Retype every line from the start of the data down to and including the line with "Live Online Masterclass". Skip the pictures.

Data extract:
****************************************

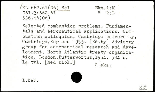Selected combustion problems. Fundamentals and aeronautical applications. Combustion colloquium, Cambridge university, Cambridge,England 1953.
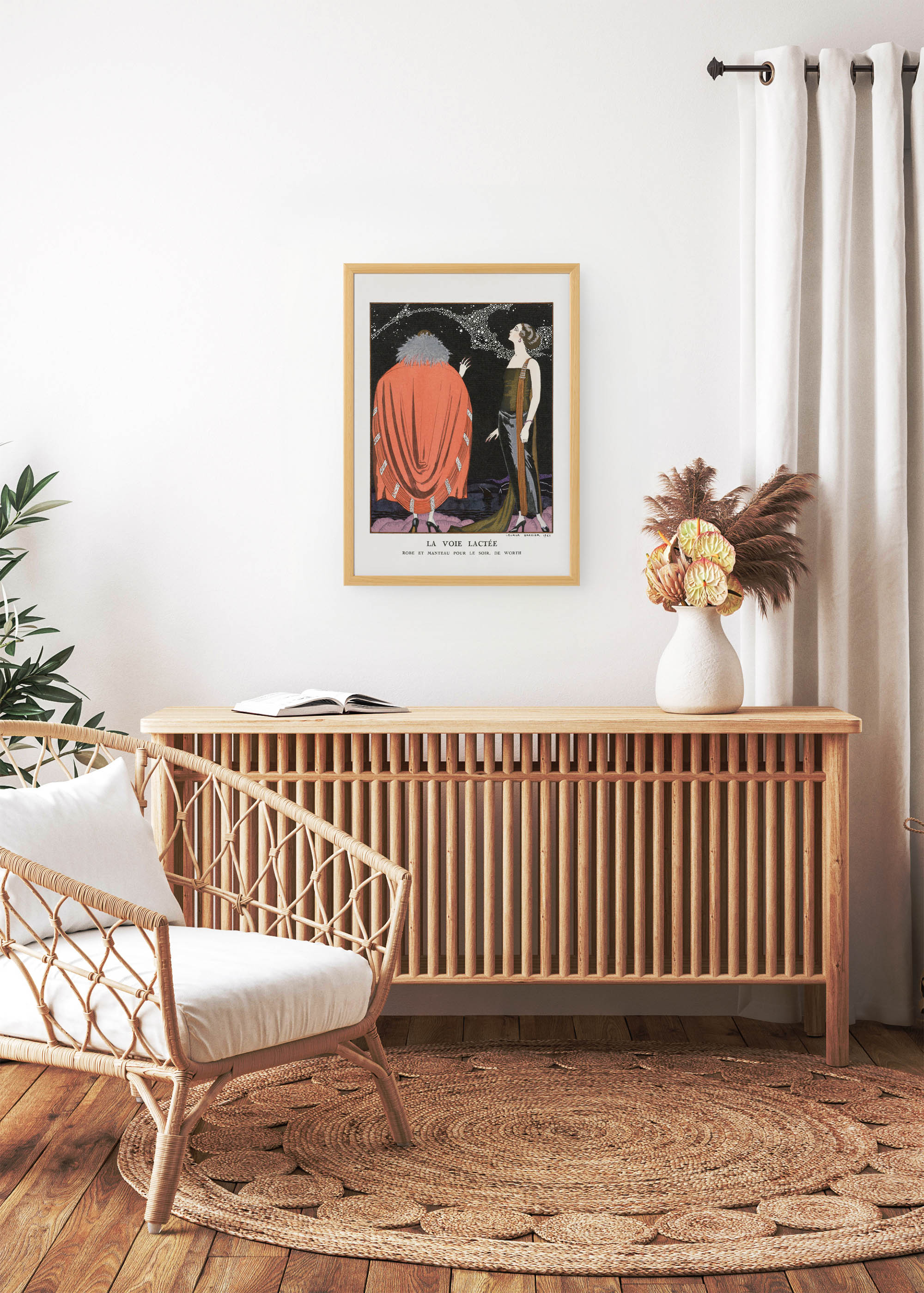 George Barbier, mistrz Art Deco i jeden z najwybitniejszych ilustratorów mody lat 20. XX wieku, stworzył w 1921 roku niezwykłą pracę zatytułowaną „La Voie Lactée” (Droga Mleczna). Ta wyjątkowa ilustracja, pierwotnie opublikowana w ekskluzywnym magazynie „Gazette du Bon Ton”, przedstawia wieczorową kreację domu mody Worth – jednego z pionierów haute couture.
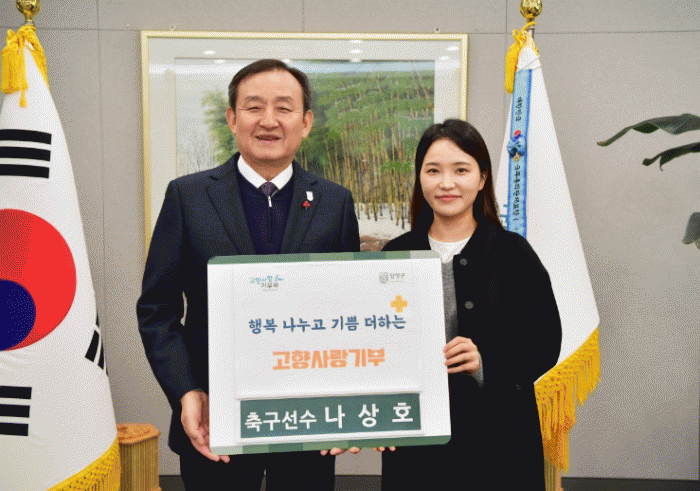 군에 따르면, 수북면 출신인 나상호 선수는 지난해 고향사랑기부금 1호 기부자로, 올해에도 군 지역발전을 위해 흔쾌히 최고액을 기탁했다.
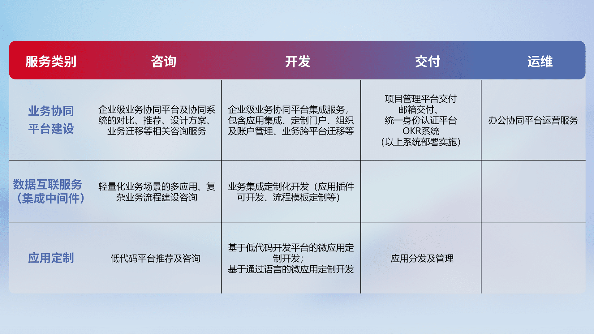 针对钉钉、、企微、、、、IDaas等平台级产品提供产品的规划、、方案、、交付、、、定制化开发等服务,,实现如统一协同办公、、、、智能客户服务、、、混合会议管理、、智能数据查询、、、等业务场景,,实现数字化转型。。。
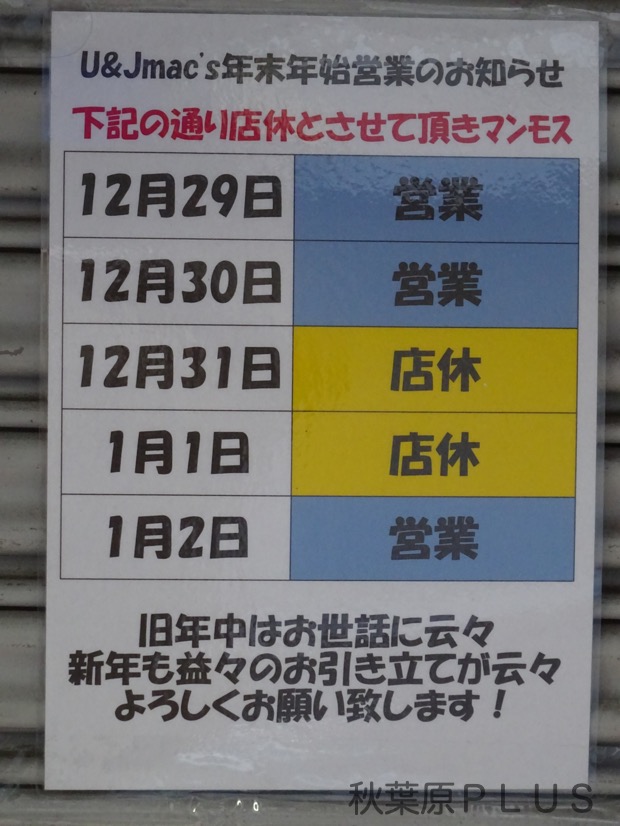 U&J Mac’sは両店舗ともに2019年1月2日から初売り。
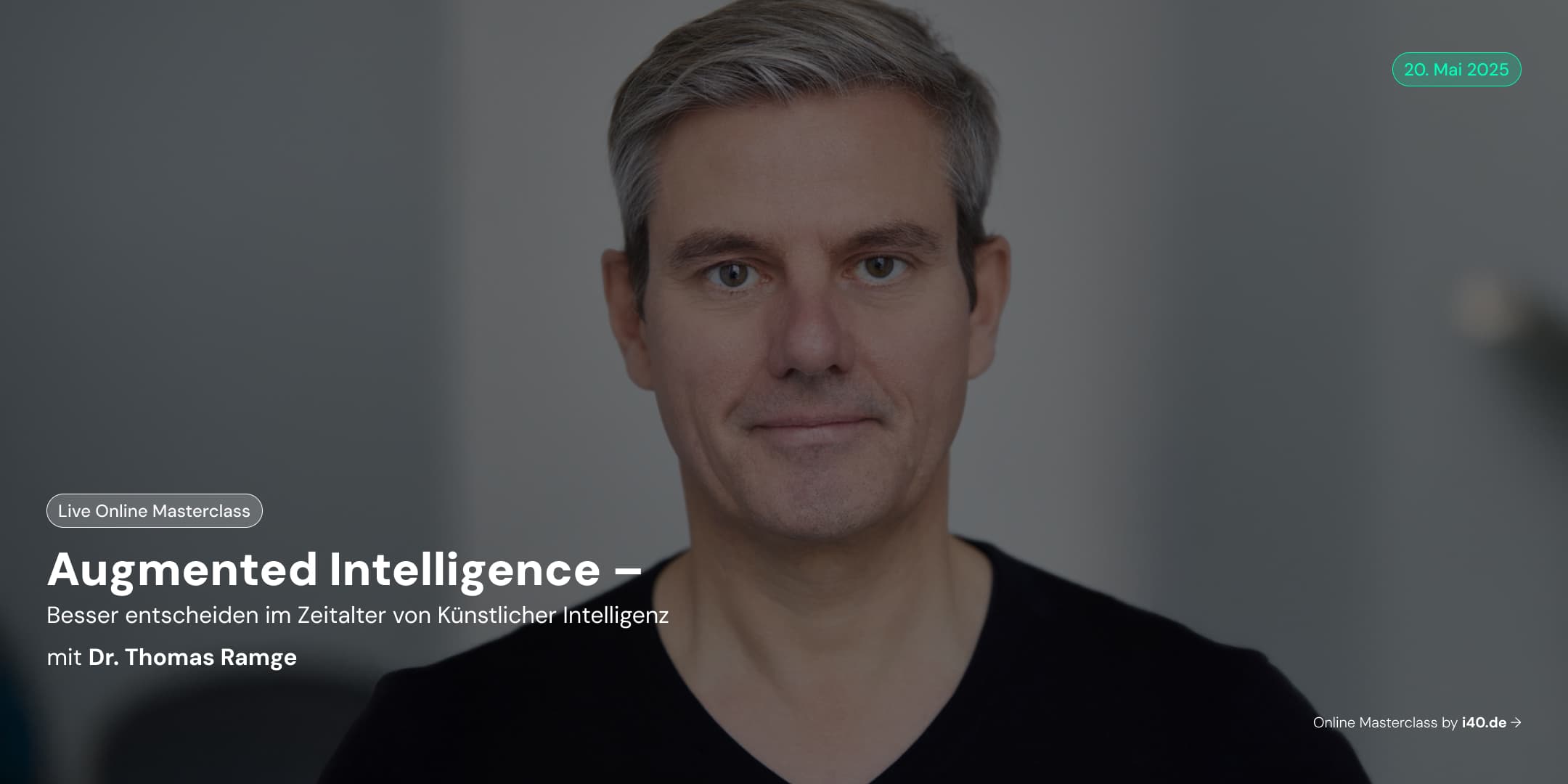 Live Online Masterclass "Augmented Intelligence - besser entscheiden im Zeitalter von KI" mit Dr. Thomas Ramge am 20. Mai 2025
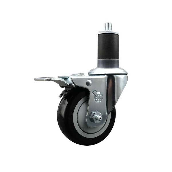 Listing is for one 1 Service Caster Series #20 1-5/8'' expanding stem swivel caster with a 3-1/2'' diameter by 1-1/4'' wide black polyurethane wheel and a total locking brake capable of supporting 300 lbs./caster. When searching for a reliable and durable solution to your caster needs, look no further than the Service Caster Series 20 expanding stem black polyurethane wheel casters. The Series #20 features an innovative expanding stem that can easily adapt to the inside diameter of the opening, allowing for a secure fit in round or square tubes. Simply tighten the topmost knurled nut to compress the rubber for a snug fit. For added security, further compress the rubber with a wrench via the nut under the swivel raceway. Finely crafted with a bright zinc plated finish, heat-treated ball bearing raceway, and a black polyurethane wheel, this versatile caster is ideal for work tables, shop projects, or any equipment with round or square tube legs. Service Caster is unsurpassed in quality, reliability, and excellent customer service. Count on us to move you forward.
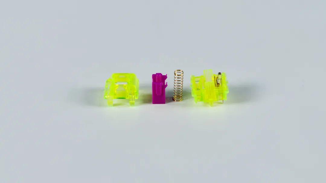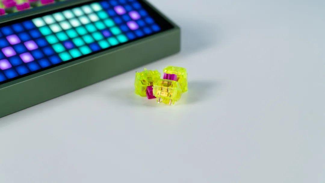轴体的外壳采用透明黄色,轴心采用紫色设计,“风骚”程度拉满,而它拥有段落感,类似于大家熟知的Cherry茶轴,但在体感段落感和触发力度上,都要高于Cherry茶轴。好在CyberBoard采用热插拔技术,可以随时更换你喜欢的机械轴体。
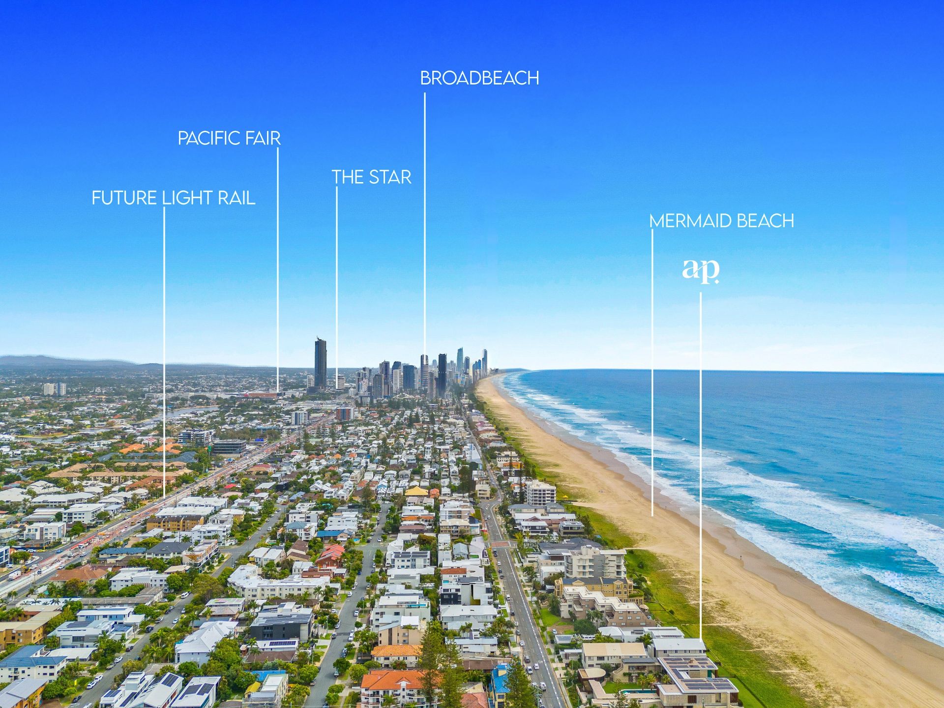 Albatross Avenue connects directly to Hedges Avenue and sits among the Gold Coast's most prestigious beachfront addresses, celebrated for its exclusivity, privacy, and coastal sophistication. Moments from Nobby and Mermaid Beach's vibrant café and dining scene, residents enjoy effortless access to everything the area is renowned for - from sunrise beach walks and morning surfs to oceanfront dining and sunset drinks. The Star Casino and Pacific Fair are only minutes away, offering world-class shopping, entertainment, and dining, while the upcoming light rail will further enhance connectivity along the coast.
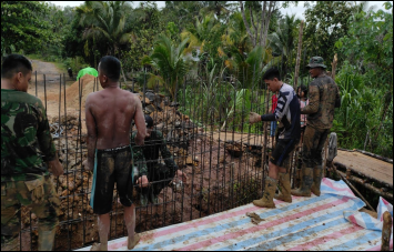 Pasi Ter Mengawasi Pemasangan Rangka Besi Cor Jembatan di Lokasi TMMD
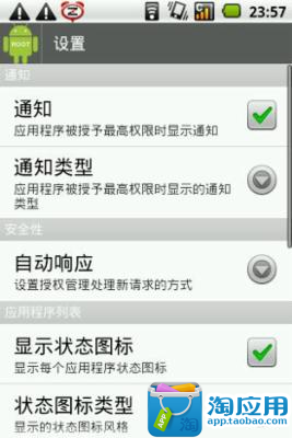 root授权管理,手机root之后必备软件之一。Root权限管理工具,保障手机安全。现在越来越多朋友的手机是Root过的固件,Root权限的管理必须重视。如果有软件要获取Root权限,此工具能及时提醒用户,并对Root权限的分配和使用进行统一管理。
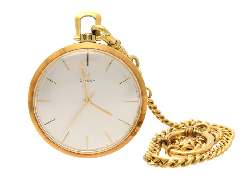 OMEGA, frackur, 44 mm, Cal 601, Serie nr. 23672963, Boett nr. 1706, doublé (20 micron), ankargång, mönster, ca 1966, kedja i gulmetall.

****************************************

Reply:
Selected combustion problems. Fundamentals and aeronautical applications. Combustion colloquium, Cambridge university, Cambridge,England 1953.
 George Barbier, mistrz Art Deco i jeden z najwybitniejszych ilustratorów mody lat 20. XX wieku, stworzył w 1921 roku niezwykłą pracę zatytułowaną „La Voie Lactée” (Droga Mleczna). Ta wyjątkowa ilustracja, pierwotnie opublikowana w ekskluzywnym magazynie „Gazette du Bon Ton”, przedstawia wieczorową kreację domu mody Worth – jednego z pionierów haute couture.
 군에 따르면, 수북면 출신인 나상호 선수는 지난해 고향사랑기부금 1호 기부자로, 올해에도 군 지역발전을 위해 흔쾌히 최고액을 기탁했다.
 针对钉钉、、企微、、、、IDaas等平台级产品提供产品的规划、、方案、、交付、、、定制化开发等服务,,实现如统一协同办公、、、、智能客户服务、、、混合会议管理、、智能数据查询、、、等业务场景,,实现数字化转型。。。
 U&J Mac’sは両店舗ともに2019年1月2日から初売り。
 Live Online Masterclass "Augmented Intelligence - besser entscheiden im Zeitalter von KI" mit Dr. Thomas Ramge am 20. Mai 2025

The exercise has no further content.